Dear Tamar:
Which olive oil for what?
-Oils Well that Ends Well
Dear Oils Well that Ends Well,
Strangest (to me) fat I ever ate: yak, in tea and also maybe on a flatbread, somewhere close to Donggualin after hiking the Tiger Leaping Gorge in northern Yunnan, China. Or water buffalo, in a potent, spicy Jeow Bong, purchased in Laos and eaten, scrape by scrape, with hot sticky rice I carried around my neck in a basket.
That was in adulthood, though. As a child, my first bite of pork fat was strangest. I grew up kosher. I ate a little square of roasted fat off a pork chop and looked expectantly at the sky, trying to spot the lightning rod by which I’d be imminently slain. (I wasn’t.)

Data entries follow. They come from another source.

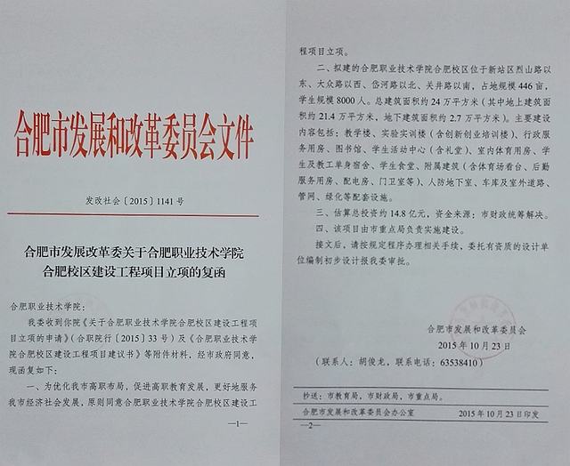 10月23日,学院新校区项目立项获得合肥市发改委同意并批复。该项工作对学院建设新校区具有里程碑意义,标志着合肥新校区建设工作进入了实质性阶段。
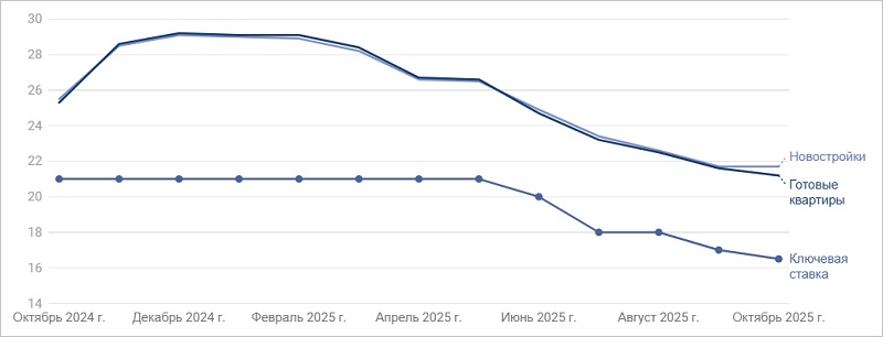 Средневзвешенные ставки по рыночным ипотечным программам в октябре снизились на 0,4 п. п. — 0,5 п. п. по направлениям рефинансирования (до 22,4%), вторичных квартир и готовых жилых домов (до 21,2%).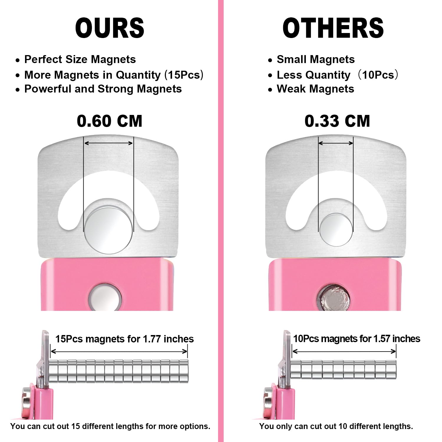 - ✂️Powerful Magnet Sizers -- Easiest nail hack to get your tips the same length in secons!Our magnets have a total length of 1.6 inches, the height of each pcs is 0.14 inches, you can adjust the desirable length by using different numbers of magnets.If you are worried that the magnets will move, you can fix the first magnet with glue on the clipper.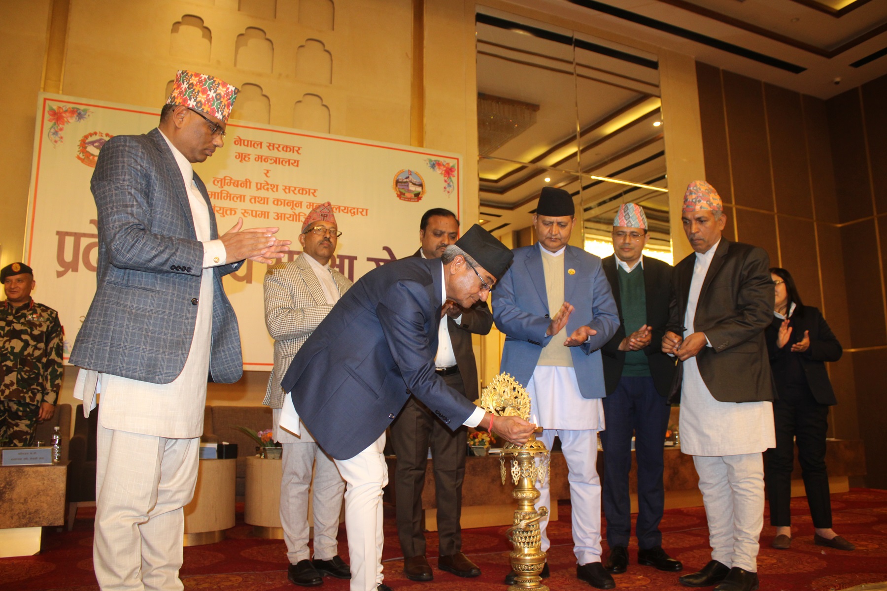गृहमन्त्री रमेश लेखकको प्रमुख आतिथ्यमा लुम्बिनी प्रदेशस्तरीय सुरक्षा गोष्ठी सम्पन्न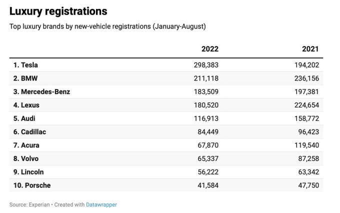 Tesla domineert in 2022 de premium automarkt in thuisland USA, de 2e grootste automarkt na China. In 2021 was Tesla nog 4e zie tabel onderaan.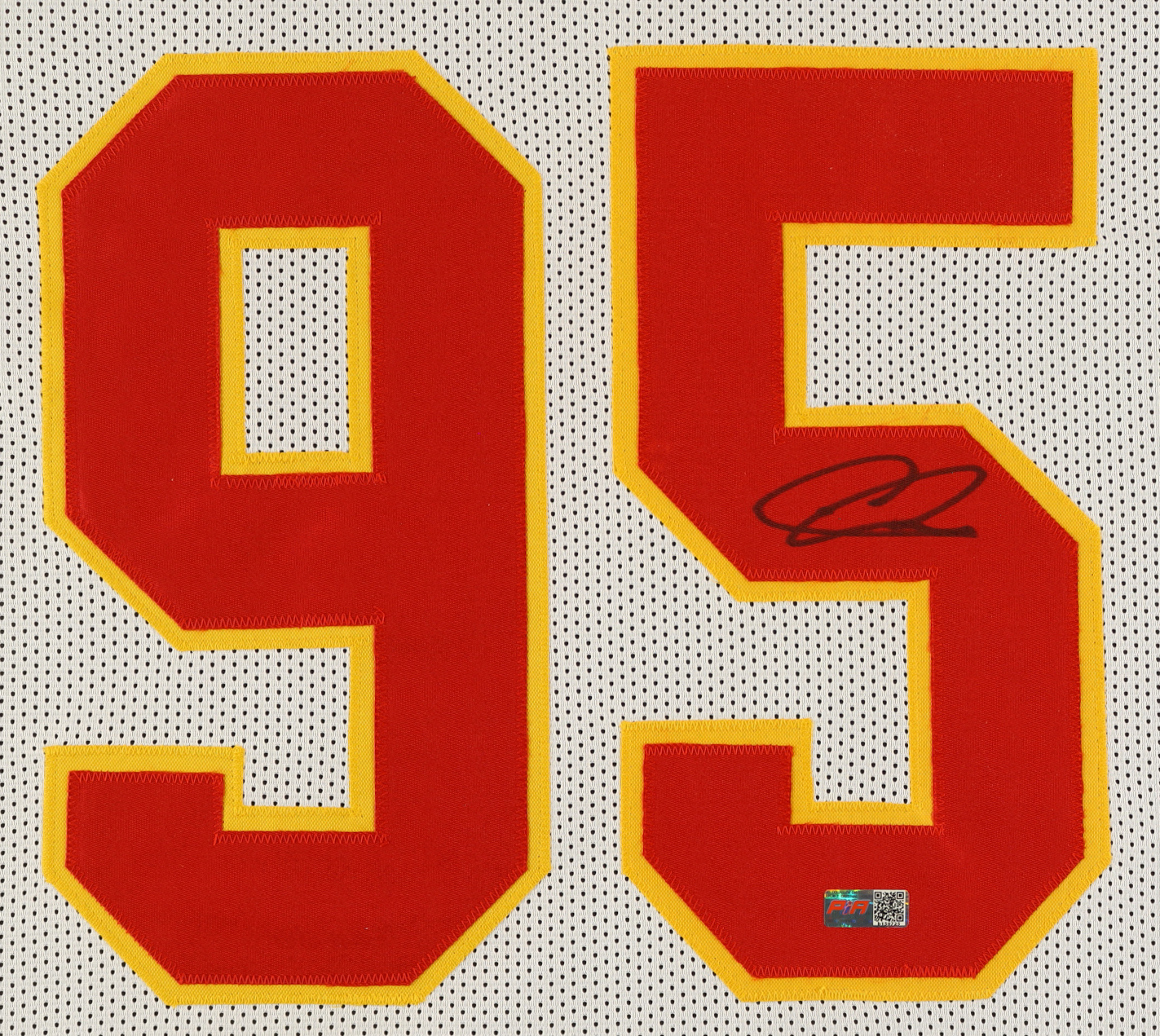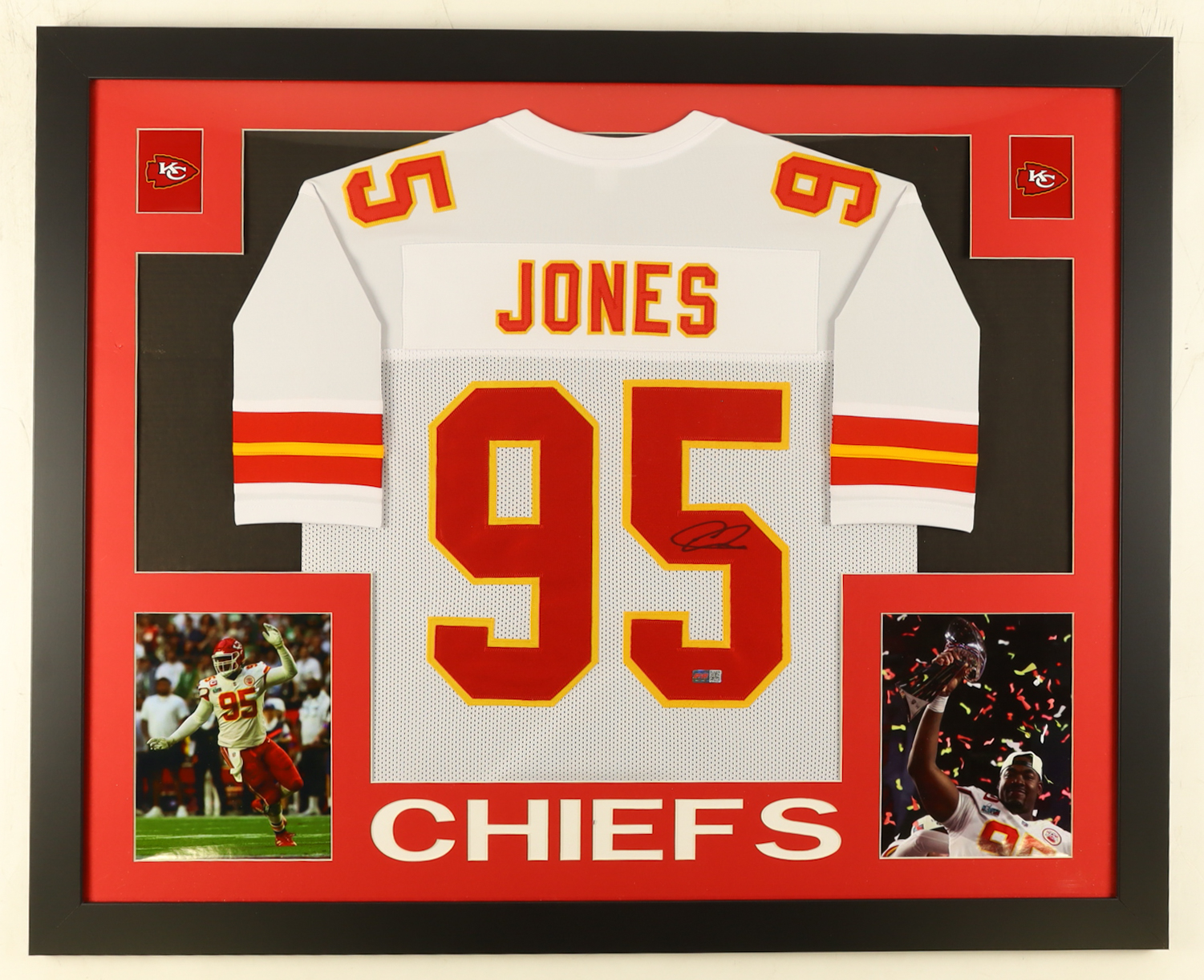 Custom frame measures approximately 35" x 43" in size and features a jersey hand-signed by Chris Jones.

I had two noteworthy experiences with fats when I was twenty-two, living in Washington, DC. One was getting home from work at the American Friends Service Committee to find my roommate, Tim, eating olive oil from a bowl with a spoon. He’d read that it was good for you and reasoned that more was better. The second was a salad made by another roommate, a Latvian man named Sasha. I don’t remember the vegetables in the salad, but the dressing, which was one of the most delicious things I’d ever tasted, was just salt and Latvian sunflower oil.
I’ve had other fatty revelations, some annoyingly predictable—the pepperiness of dark green oil just pressed from Leccino olives harvested by hand at my friend Nancy Harmon Jenkins’s Tuscan farm; the rich sweetness of fresh walnut oil. Between the stranger (to me) experiences and the predictable ones, I’ve concluded that there is a second and less figurative meaning to the biblical promise of “the fat of the land.”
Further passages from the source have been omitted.